**Problem to solve:** Your job with the data below is to output exactly the lines from the one holding "Blanket with Tassels" down to the one holding "長沼 プー太さんを姓名の画数から五運を鑑定", both included, and no others.

*** Opening Supplied data ***

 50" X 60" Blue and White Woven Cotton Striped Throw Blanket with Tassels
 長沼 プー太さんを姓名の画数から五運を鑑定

*** Closing Supplied data ***
*** Opening Supplied data ***

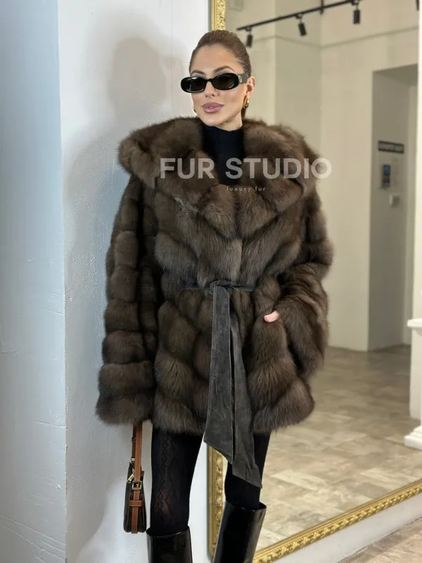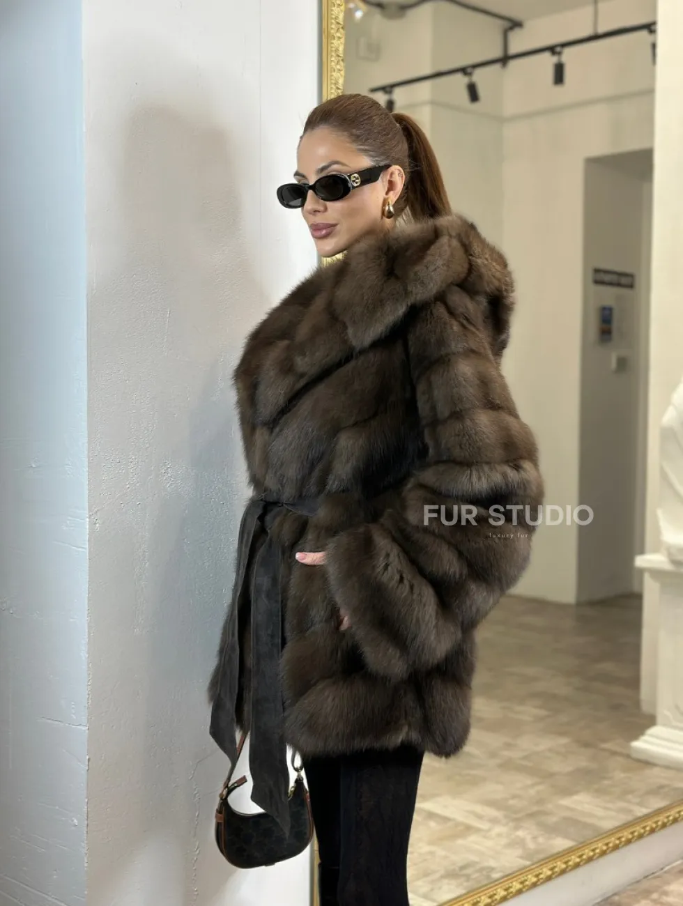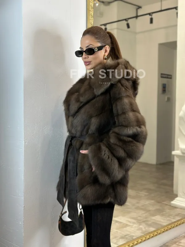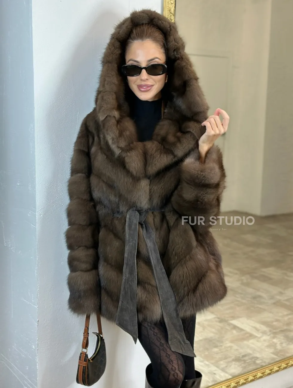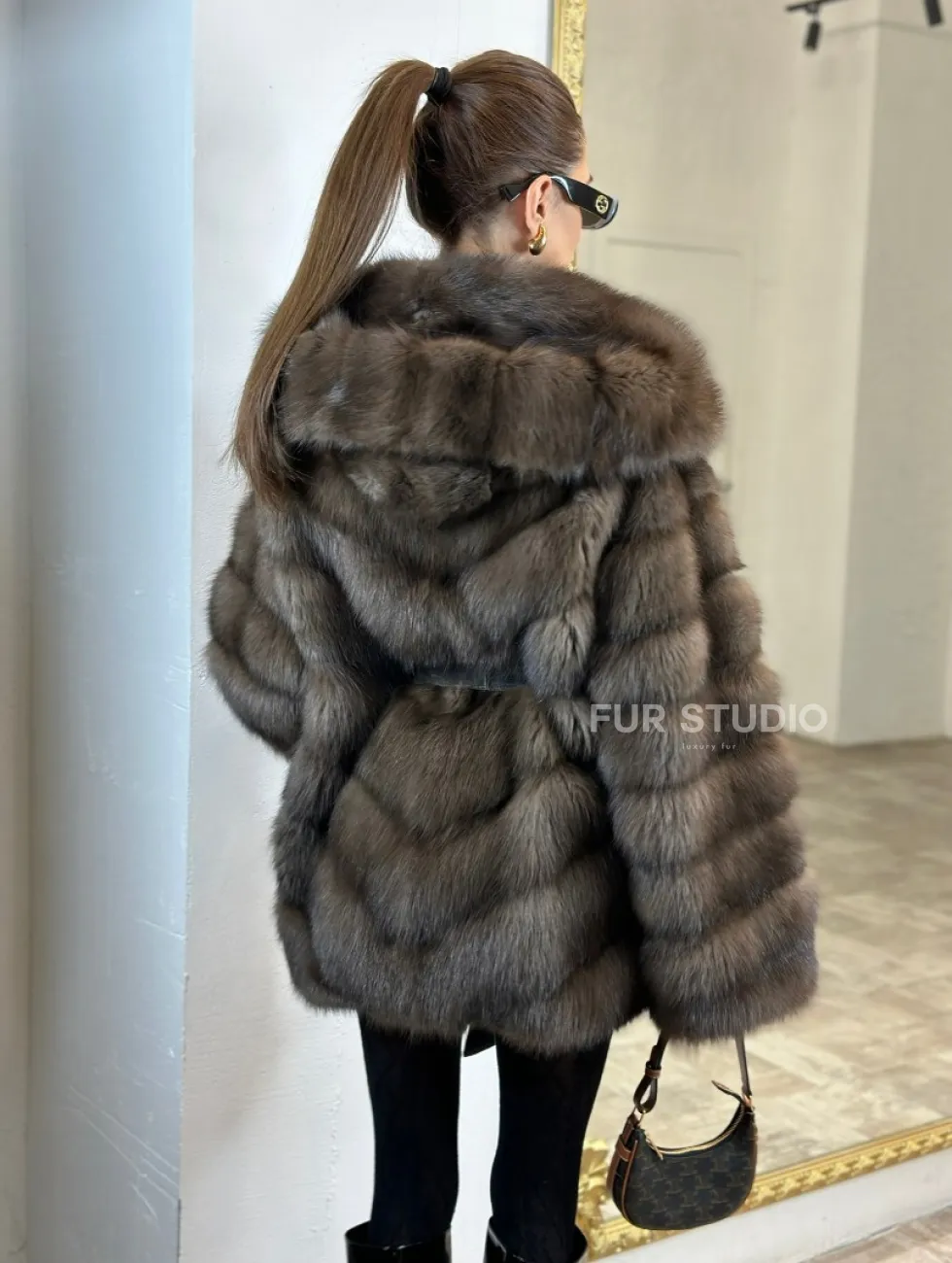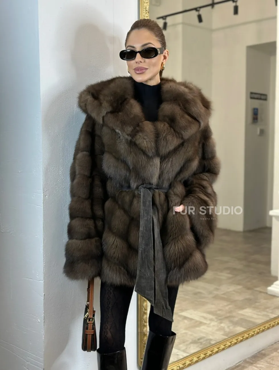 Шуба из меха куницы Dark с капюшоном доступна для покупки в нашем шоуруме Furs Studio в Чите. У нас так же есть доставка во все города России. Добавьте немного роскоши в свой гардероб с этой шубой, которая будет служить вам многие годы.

*** Closing Supplied data ***

**Response area:**
 50" X 60" Blue and White Woven Cotton Striped Throw Blanket with Tassels
 長沼 プー太さんを姓名の画数から五運を鑑定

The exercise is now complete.